▶ The data
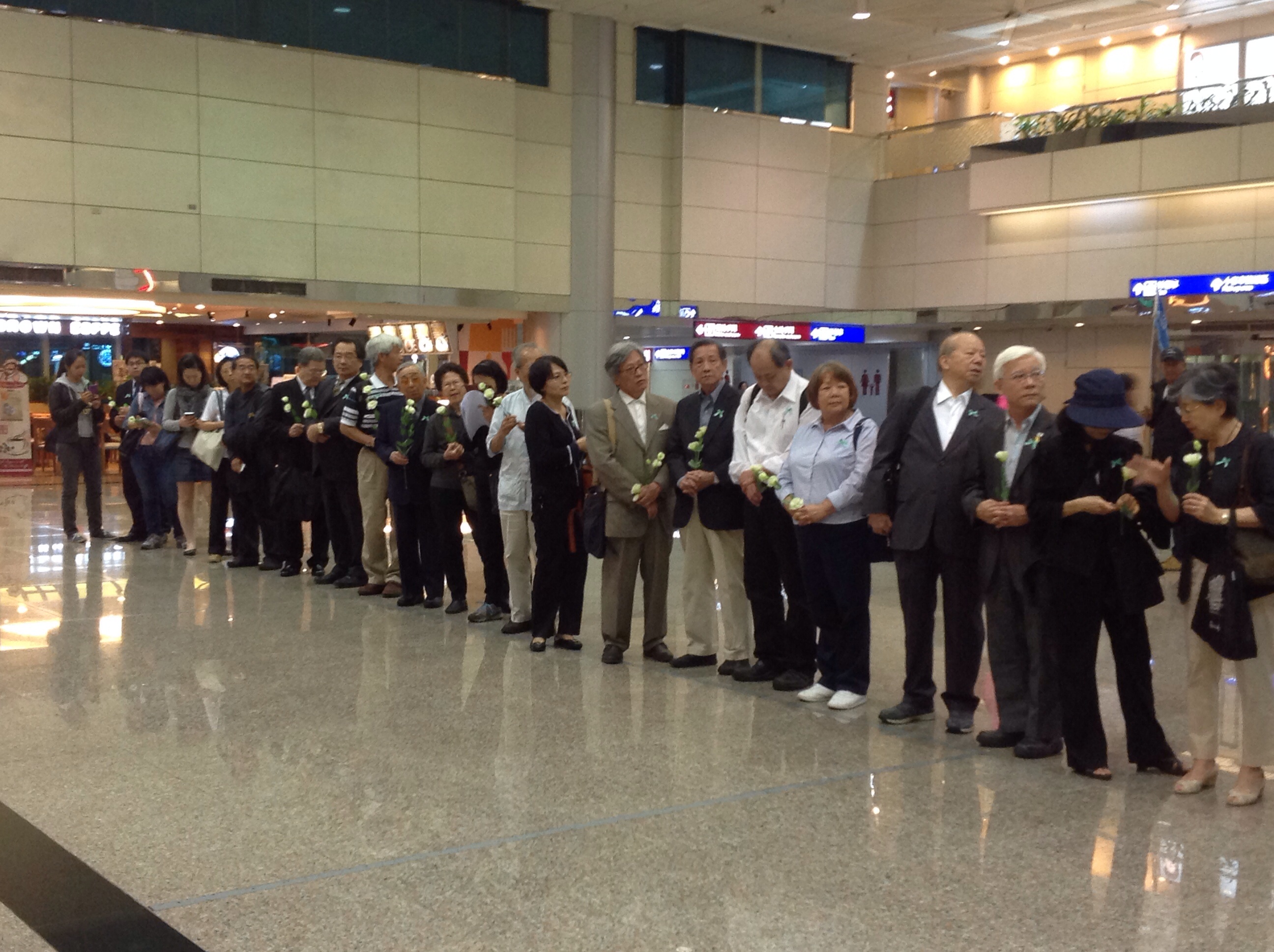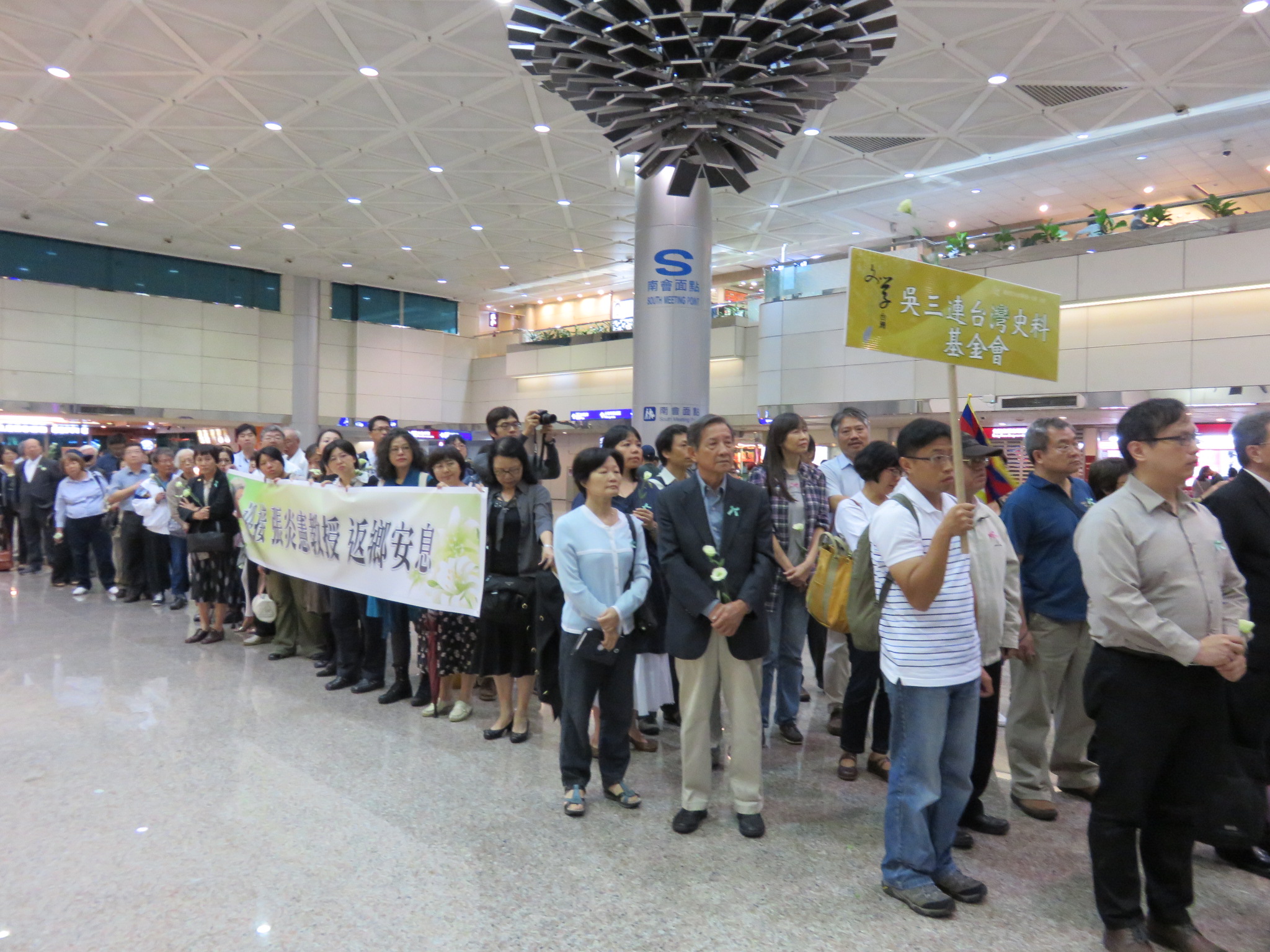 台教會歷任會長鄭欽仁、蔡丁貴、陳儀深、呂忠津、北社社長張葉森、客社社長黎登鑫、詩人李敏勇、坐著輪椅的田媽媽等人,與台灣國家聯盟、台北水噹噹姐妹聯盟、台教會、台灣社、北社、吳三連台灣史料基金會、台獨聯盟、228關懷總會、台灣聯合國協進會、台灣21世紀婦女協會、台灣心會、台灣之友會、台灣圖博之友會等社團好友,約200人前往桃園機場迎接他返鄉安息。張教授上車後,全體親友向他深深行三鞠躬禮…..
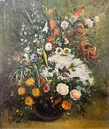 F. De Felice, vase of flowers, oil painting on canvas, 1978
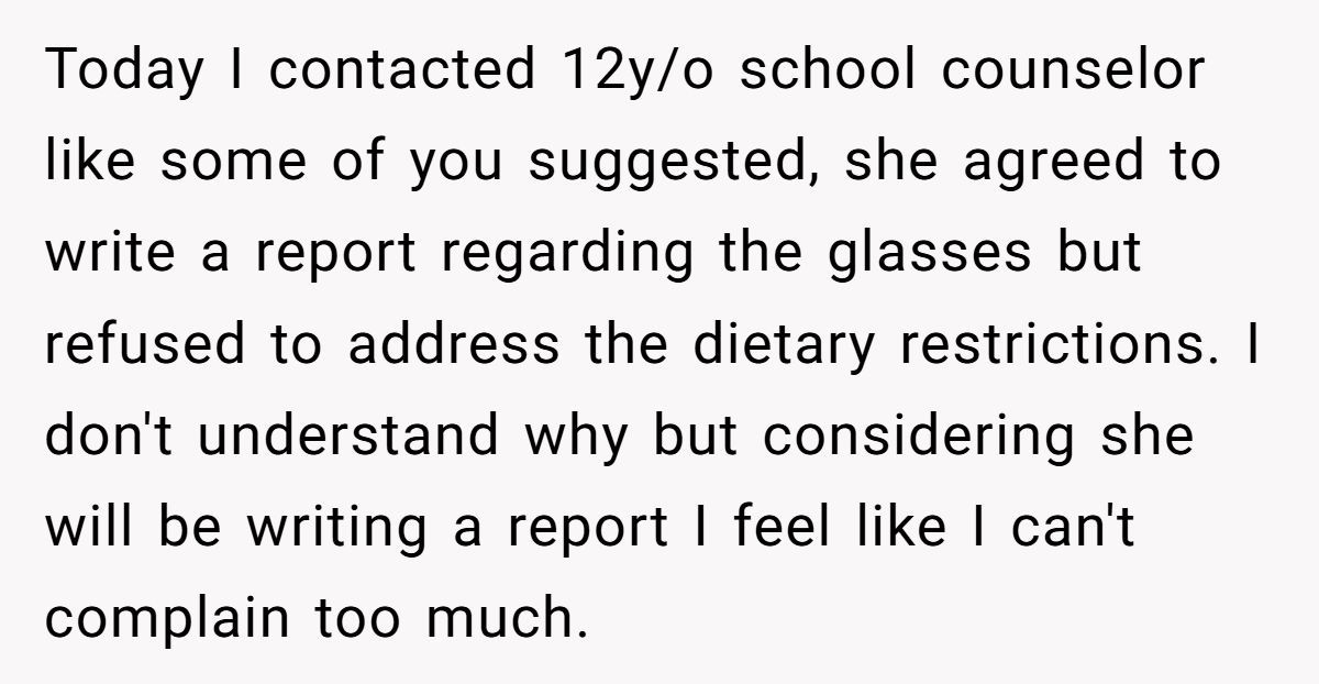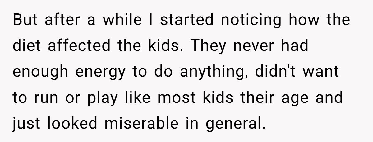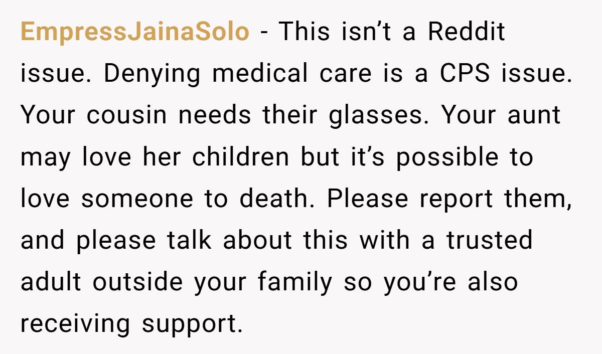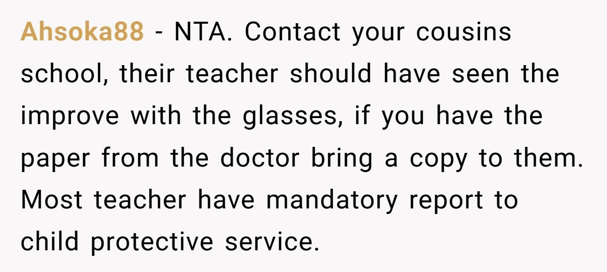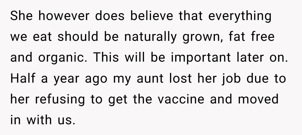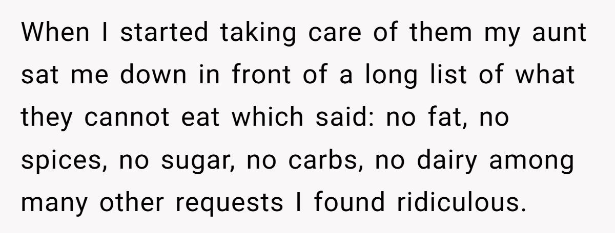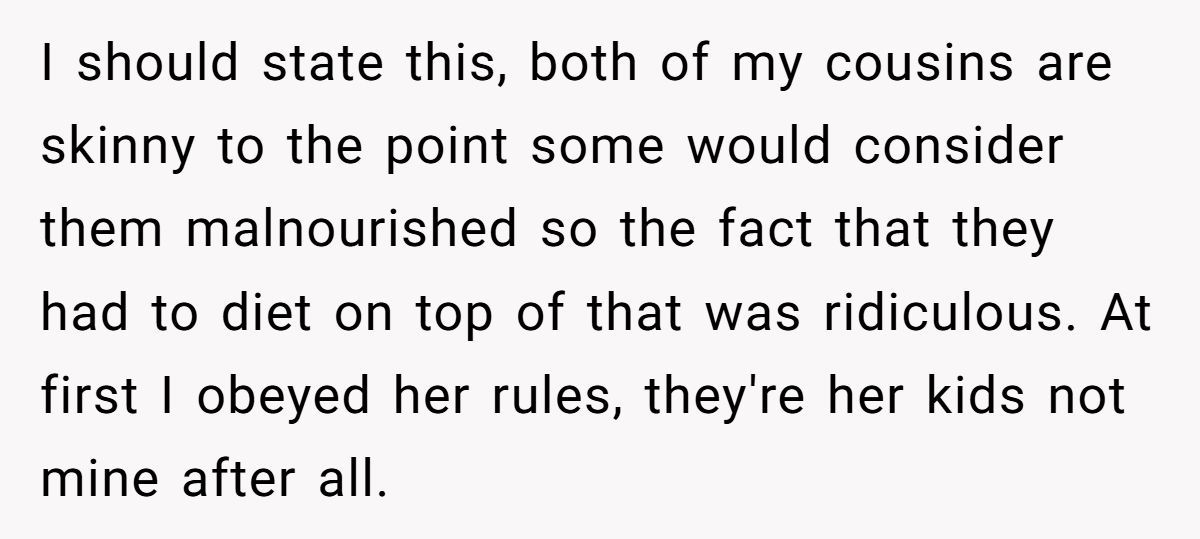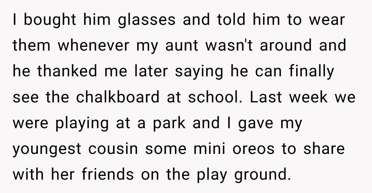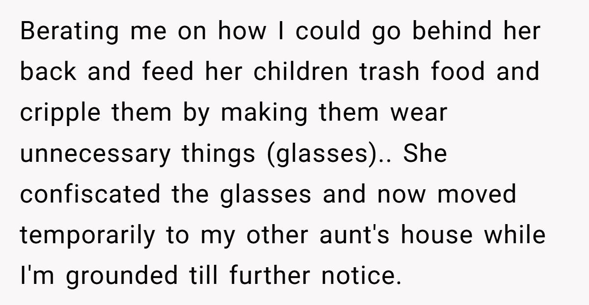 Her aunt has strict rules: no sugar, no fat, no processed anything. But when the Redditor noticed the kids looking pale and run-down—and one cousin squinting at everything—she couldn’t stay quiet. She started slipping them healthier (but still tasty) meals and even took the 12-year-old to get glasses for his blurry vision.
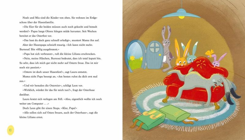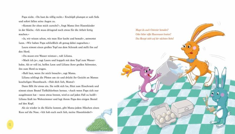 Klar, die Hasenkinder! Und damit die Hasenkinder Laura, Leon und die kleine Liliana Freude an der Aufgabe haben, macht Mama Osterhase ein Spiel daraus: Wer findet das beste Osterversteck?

▶ To do
Output, exactly as written, only the lines from the beginning of the listing through the line containing "F. De Felice, vase", both included, and no pictures.

▶ Result of this exercise
 台教會歷任會長鄭欽仁、蔡丁貴、陳儀深、呂忠津、北社社長張葉森、客社社長黎登鑫、詩人李敏勇、坐著輪椅的田媽媽等人,與台灣國家聯盟、台北水噹噹姐妹聯盟、台教會、台灣社、北社、吳三連台灣史料基金會、台獨聯盟、228關懷總會、台灣聯合國協進會、台灣21世紀婦女協會、台灣心會、台灣之友會、台灣圖博之友會等社團好友,約200人前往桃園機場迎接他返鄉安息。張教授上車後,全體親友向他深深行三鞠躬禮…..
 F. De Felice, vase of flowers, oil painting on canvas, 1978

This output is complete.